(Records supplied begins)

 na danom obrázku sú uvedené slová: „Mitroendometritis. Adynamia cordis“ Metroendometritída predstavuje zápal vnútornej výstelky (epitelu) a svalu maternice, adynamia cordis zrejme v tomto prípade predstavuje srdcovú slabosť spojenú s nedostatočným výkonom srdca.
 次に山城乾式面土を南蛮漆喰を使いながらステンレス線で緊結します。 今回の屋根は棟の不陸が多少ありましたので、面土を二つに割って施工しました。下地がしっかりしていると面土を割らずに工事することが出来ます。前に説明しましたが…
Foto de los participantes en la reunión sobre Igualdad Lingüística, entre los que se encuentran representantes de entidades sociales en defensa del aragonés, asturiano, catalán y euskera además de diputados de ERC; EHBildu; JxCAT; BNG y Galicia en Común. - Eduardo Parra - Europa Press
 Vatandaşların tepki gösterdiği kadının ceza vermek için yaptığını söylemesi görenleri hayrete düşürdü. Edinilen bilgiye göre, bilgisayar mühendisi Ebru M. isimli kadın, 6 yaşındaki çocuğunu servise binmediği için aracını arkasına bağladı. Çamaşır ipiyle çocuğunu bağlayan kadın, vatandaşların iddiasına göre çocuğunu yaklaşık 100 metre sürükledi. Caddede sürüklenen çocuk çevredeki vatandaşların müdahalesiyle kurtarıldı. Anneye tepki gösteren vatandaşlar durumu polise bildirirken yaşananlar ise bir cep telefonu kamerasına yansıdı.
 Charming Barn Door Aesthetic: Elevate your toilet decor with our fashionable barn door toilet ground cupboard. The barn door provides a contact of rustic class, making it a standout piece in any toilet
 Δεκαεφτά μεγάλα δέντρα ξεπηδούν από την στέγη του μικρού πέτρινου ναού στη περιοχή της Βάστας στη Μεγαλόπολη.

(Records supplied ends)
(Records supplied begins)

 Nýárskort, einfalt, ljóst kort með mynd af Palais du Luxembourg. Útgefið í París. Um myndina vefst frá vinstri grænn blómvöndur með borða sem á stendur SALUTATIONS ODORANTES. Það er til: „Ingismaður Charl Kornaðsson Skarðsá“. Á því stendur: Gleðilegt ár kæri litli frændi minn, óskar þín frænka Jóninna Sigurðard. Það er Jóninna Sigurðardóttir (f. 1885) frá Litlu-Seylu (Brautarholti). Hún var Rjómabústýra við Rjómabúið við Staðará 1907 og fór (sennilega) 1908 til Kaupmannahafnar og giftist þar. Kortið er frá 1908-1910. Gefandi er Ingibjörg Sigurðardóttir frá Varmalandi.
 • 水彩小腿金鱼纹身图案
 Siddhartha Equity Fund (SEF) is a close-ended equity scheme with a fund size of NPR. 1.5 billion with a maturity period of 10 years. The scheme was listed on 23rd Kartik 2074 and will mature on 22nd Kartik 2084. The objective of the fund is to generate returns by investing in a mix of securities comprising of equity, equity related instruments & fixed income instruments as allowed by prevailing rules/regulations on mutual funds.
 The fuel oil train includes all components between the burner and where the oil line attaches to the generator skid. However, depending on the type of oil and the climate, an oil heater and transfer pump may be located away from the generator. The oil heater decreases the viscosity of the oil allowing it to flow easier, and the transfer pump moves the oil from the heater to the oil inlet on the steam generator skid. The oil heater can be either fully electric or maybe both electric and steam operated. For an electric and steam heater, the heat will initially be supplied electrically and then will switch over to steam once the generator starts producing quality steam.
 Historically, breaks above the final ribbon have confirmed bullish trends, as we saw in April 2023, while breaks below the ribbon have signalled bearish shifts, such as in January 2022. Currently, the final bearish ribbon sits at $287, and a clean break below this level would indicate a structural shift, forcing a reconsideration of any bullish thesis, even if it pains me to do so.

(Records supplied ends)
(Records supplied begins)

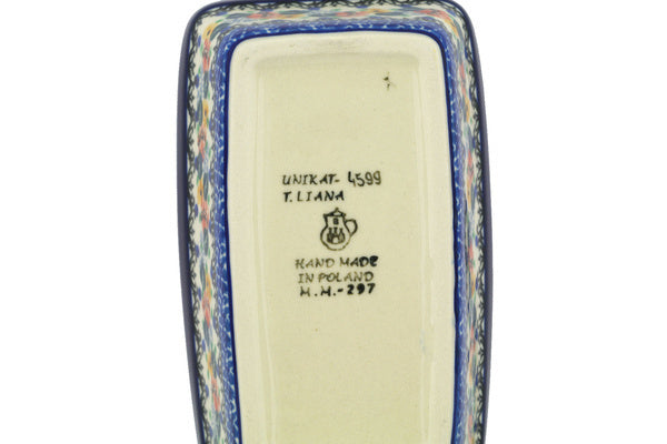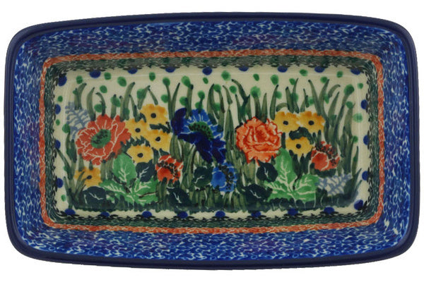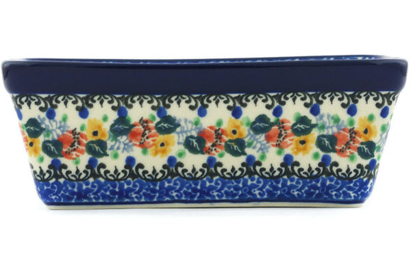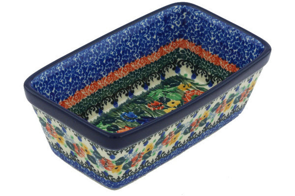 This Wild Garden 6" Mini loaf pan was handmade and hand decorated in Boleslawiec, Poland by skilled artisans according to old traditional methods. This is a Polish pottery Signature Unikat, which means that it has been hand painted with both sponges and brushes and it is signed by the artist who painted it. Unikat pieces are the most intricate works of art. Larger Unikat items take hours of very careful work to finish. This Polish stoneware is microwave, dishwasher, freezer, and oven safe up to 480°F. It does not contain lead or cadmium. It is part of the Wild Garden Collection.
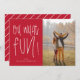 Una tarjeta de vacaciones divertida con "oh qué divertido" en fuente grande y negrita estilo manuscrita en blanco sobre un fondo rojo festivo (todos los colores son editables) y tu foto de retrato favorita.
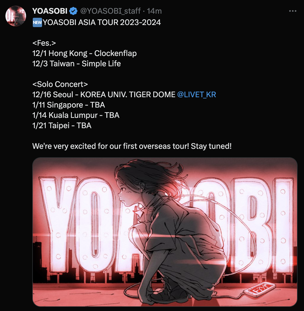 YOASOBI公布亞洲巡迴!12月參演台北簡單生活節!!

(Records supplied ends)

Your instructions:
Begin at the line above that has "na danom obrázku" and stop after the line that has "Vatandaşların tepki gösterdiği", copying each line exactly and adding nothing else.

Answer space:
 na danom obrázku sú uvedené slová: „Mitroendometritis. Adynamia cordis“ Metroendometritída predstavuje zápal vnútornej výstelky (epitelu) a svalu maternice, adynamia cordis zrejme v tomto prípade predstavuje srdcovú slabosť spojenú s nedostatočným výkonom srdca.
 次に山城乾式面土を南蛮漆喰を使いながらステンレス線で緊結します。 今回の屋根は棟の不陸が多少ありましたので、面土を二つに割って施工しました。下地がしっかりしていると面土を割らずに工事することが出来ます。前に説明しましたが…
Foto de los participantes en la reunión sobre Igualdad Lingüística, entre los que se encuentran representantes de entidades sociales en defensa del aragonés, asturiano, catalán y euskera además de diputados de ERC; EHBildu; JxCAT; BNG y Galicia en Común. - Eduardo Parra - Europa Press
 Vatandaşların tepki gösterdiği kadının ceza vermek için yaptığını söylemesi görenleri hayrete düşürdü. Edinilen bilgiye göre, bilgisayar mühendisi Ebru M. isimli kadın, 6 yaşındaki çocuğunu servise binmediği için aracını arkasına bağladı. Çamaşır ipiyle çocuğunu bağlayan kadın, vatandaşların iddiasına göre çocuğunu yaklaşık 100 metre sürükledi. Caddede sürüklenen çocuk çevredeki vatandaşların müdahalesiyle kurtarıldı. Anneye tepki gösteren vatandaşlar durumu polise bildirirken yaşananlar ise bir cep telefonu kamerasına yansıdı.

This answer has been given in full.